The SEP component of mid-career and the SCDP component of the pre-career have helped the University of Cape Coast to provide effective technical backstopping to extension agents of Ministry of Food and Agriculture to maximize human capital utilization and efficiently utilize resources to serve the communities outside the campus. This synergy of communities of interventions outside university campus is improving the livelihoods of farmers, processors, marketers and input dealers in a way that transform agriculture.

Funding to the SAFE program in University of Cape Coast Ghana, stopped over 25 years ago, but the program has been sustained through income generating facilities such as the guest house, students’ hostels, and introduction of pre-career program; which has led to the graduation of more than 600 extension personnel now employed by Ministry of Food and Agriculture, Ghana.  

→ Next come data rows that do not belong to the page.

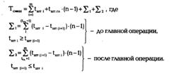 где t(гл) — технологическое время на учетную единицу продукции на главной операции. Главной называется операция, имеющая наибольшую продолжительность обработки. Величина t(гл) определяет периодичность обработки изделий из партии на всех операциях производственного цикла. Время перерывов на i-й операции вычисляется по формуле: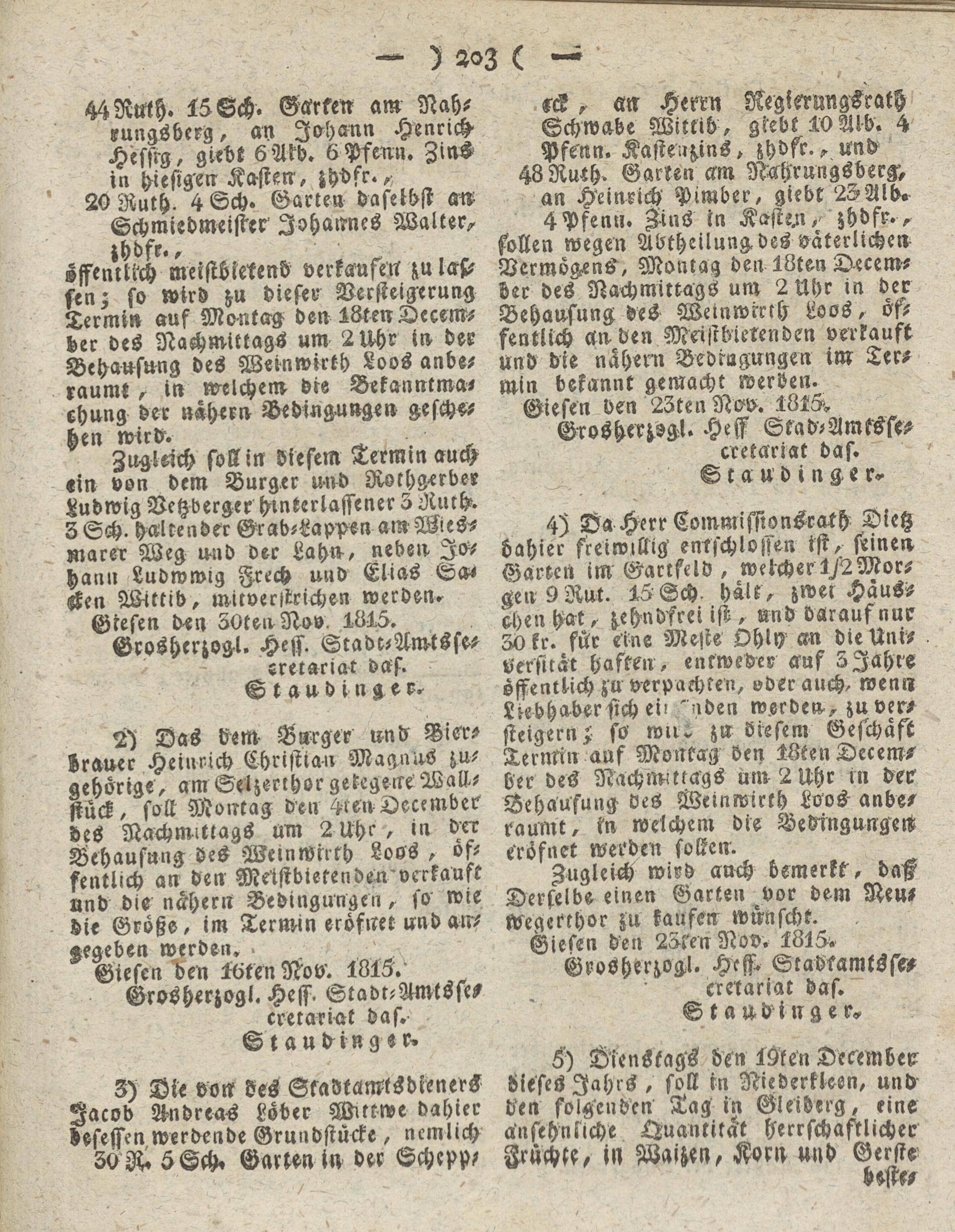 Giesen den 23tenNov. 1815, Grosherzsgl. Hess Stad-Amtsst- ccetariat das.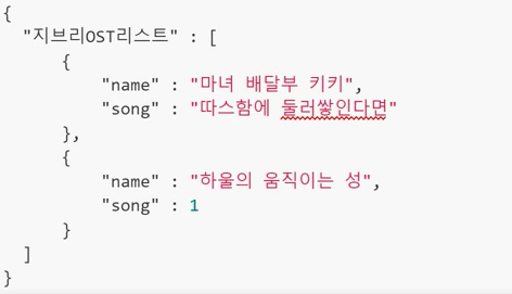 👉 여러개의 지브리OST가 있기 때문에 배열 []을 기반으로 표현한다.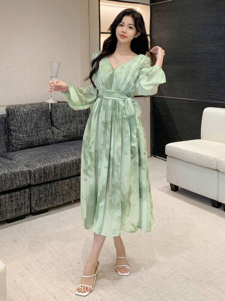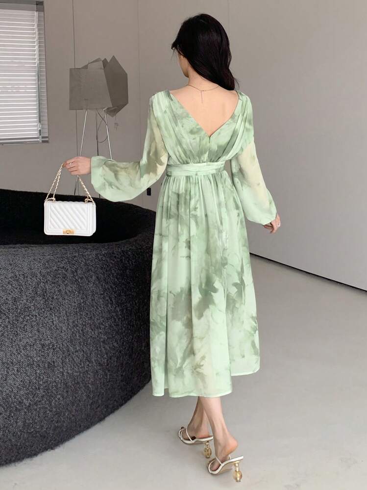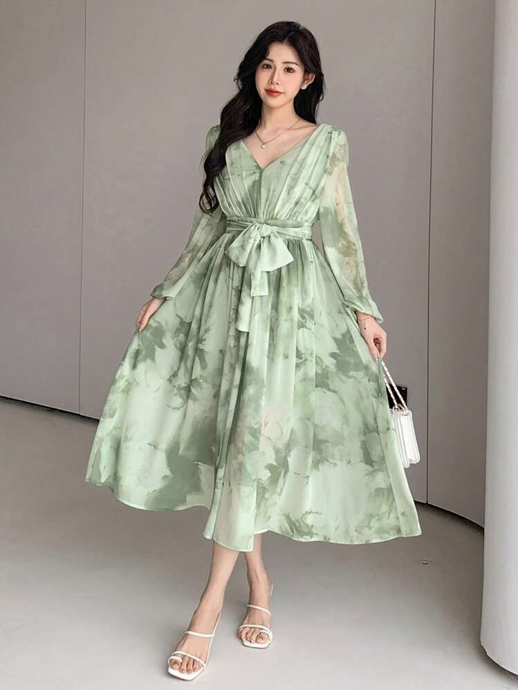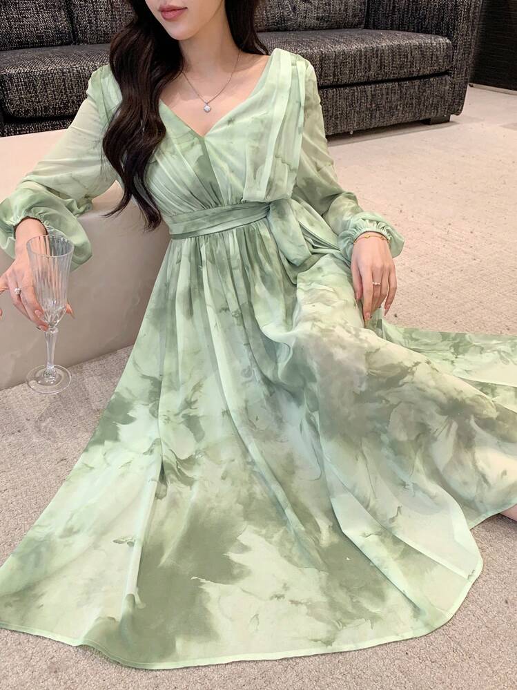 Modna sukienka z kolorowym wzorem w odcieniach zieleni. Oryginalny dekolt w serek dodaje szykownego akcentu. Długie rękawy dodają elegancji i sprawiają, że sukienka nadaje się na wiele okazji.

Field visits to SEP and SCDP locations shows the integration of Regenerative agriculture, Nutrition sensitive agriculture and market oriented agriculture activities to the operations of the university and ministry of Food and Agriculture. In specific terms, the introduction of soybean production to a women farmers’ group where soybean has never been cultivated. The soybean yields from the demonstration plot by the SEP and SCDP trainees were used to demonstrate utilization in different forms and menus. The second SEP and SCDP location on the introduction of improved stove to women Garri processing group to reduce carbon monoxide poisoning among women, cost of production and fuelwood burning; thus climate –smart.

DAEE is looking forward to serve as hub for extension information management and dissemination to farming communities in Ghana, provide short courses/ in-service training on technical and extension communication skills, weekend degree programs and distance/sandwich modular degree programs for extension staff.  The lessons of the sustainability and synergy of the university and ministry of food and agriculture is vital to re-invigorate SAA programs in other countries and merge field and universities’ community of intervention into same locations for efficiency of resources, scaling off impact and effectiveness of SAA activities.